Supplemental materials

  • Supplementary material: Supplementary Appendices. Full conditional distributions for the model described in Section 2 are provided in the supplemental article, Appendix A. Spline coefficients $\boldsymbol{\beta},\boldsymbol{\gamma}$ and $\boldsymbol{\delta}$ are directly sampled from their conditional posterior distributions via direct simulation (Gibbs step). To assess estimation of the model presented in Section 2, we present a simulation study in the supplemental article, Appendix B. The dose and time kinetics were simulated from various parametric functions. Both canonical and noncanonical profiles that are reasonably interpretable under a toxicity framework were generated.
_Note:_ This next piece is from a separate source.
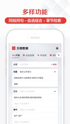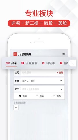 见微数据app是一款专注于信息服务的平台,旨在为金融投资机构、券商投行、律所、PEVC及新闻媒体等专业人士提供便捷的检索工具。它汇集了丰富的信息内容和特色功能,能够帮助用户快速获取所需的市场资讯和数据分析。无论是想要了解最新的公告,还是进行深入的行业分析,见微数据都能为您提供高效的信息服务,助力您的决策过程。欢迎下载体验,开启您的专业信息之旅。

In addition, we assess sensitivity of the model results to our choice of prior parameters for population level interior knot parameters $\boldsymbol{\lambda}_{\boldsymbol{\phi}_{i}}$ and $\boldsymbol{\lambda}_{\boldsymbol{\phi}_{i}}$. In the supplemental article, Appendix C, we provide an additional sensitivity analysis assessing model results to our choice of prior model for the change-point parameters. Alternative prior models assessed include a truncated normal prior and a parameterization of the bivariate beta prior that results in a uniform prior on the simplex. The supplemental article, Appendix D, presents results associated with inference on the 6 remaining particles not presented in Section 4.3. Finally, Appendix E discusses model assessment and goodness-of-fit diagnostics associated with the model described in Section 2.